WHAT TO WORK ON: In the entries below, return only the line containing "Our statement bonnet" and those after it, exactly, through the last line.

┄┄┄┄┄┄┄┄┄┄

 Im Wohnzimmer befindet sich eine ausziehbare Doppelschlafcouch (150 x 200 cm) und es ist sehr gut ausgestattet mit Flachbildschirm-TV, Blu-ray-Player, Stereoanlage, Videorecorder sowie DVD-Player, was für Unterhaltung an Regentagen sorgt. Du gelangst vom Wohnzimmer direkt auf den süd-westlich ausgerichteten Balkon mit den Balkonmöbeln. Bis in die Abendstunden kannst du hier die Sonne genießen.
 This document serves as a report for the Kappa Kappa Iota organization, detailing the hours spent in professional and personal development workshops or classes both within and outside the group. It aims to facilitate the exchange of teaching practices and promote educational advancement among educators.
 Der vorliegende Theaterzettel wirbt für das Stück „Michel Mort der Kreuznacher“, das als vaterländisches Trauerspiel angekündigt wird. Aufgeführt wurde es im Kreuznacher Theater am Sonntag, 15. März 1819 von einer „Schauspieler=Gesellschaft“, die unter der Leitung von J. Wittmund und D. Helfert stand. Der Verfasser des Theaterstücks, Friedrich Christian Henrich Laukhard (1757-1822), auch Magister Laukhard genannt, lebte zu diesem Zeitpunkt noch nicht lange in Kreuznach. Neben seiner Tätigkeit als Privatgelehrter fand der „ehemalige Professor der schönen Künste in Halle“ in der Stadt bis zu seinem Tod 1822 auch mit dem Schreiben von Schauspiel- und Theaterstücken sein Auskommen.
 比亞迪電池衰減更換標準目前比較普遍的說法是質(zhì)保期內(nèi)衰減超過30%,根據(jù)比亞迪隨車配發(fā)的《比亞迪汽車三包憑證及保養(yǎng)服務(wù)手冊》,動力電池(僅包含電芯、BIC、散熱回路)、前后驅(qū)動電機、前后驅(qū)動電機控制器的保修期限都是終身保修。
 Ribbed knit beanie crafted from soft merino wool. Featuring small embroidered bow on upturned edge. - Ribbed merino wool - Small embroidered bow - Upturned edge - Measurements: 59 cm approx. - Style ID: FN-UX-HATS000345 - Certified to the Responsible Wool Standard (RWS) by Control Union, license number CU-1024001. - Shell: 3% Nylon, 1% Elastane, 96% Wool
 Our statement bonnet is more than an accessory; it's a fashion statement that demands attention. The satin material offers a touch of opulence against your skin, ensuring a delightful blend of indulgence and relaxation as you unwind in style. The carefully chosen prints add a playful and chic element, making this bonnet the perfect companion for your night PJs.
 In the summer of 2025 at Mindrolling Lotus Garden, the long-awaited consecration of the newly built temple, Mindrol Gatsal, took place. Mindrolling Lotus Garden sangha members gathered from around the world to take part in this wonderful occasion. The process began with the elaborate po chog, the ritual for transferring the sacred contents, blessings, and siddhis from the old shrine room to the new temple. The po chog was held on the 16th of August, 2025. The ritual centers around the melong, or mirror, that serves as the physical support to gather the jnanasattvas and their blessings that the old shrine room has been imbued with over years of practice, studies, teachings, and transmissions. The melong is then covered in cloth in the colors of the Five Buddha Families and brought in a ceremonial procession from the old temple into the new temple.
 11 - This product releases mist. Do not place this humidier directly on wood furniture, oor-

┄┄┄┄┄┄┄┄┄┄

EXERCISE OUTPUT:
 Our statement bonnet is more than an accessory; it's a fashion statement that demands attention. The satin material offers a touch of opulence against your skin, ensuring a delightful blend of indulgence and relaxation as you unwind in style. The carefully chosen prints add a playful and chic element, making this bonnet the perfect companion for your night PJs.
 In the summer of 2025 at Mindrolling Lotus Garden, the long-awaited consecration of the newly built temple, Mindrol Gatsal, took place. Mindrolling Lotus Garden sangha members gathered from around the world to take part in this wonderful occasion. The process began with the elaborate po chog, the ritual for transferring the sacred contents, blessings, and siddhis from the old shrine room to the new temple. The po chog was held on the 16th of August, 2025. The ritual centers around the melong, or mirror, that serves as the physical support to gather the jnanasattvas and their blessings that the old shrine room has been imbued with over years of practice, studies, teachings, and transmissions. The melong is then covered in cloth in the colors of the Five Buddha Families and brought in a ceremonial procession from the old temple into the new temple.
 11 - This product releases mist. Do not place this humidier directly on wood furniture, oor-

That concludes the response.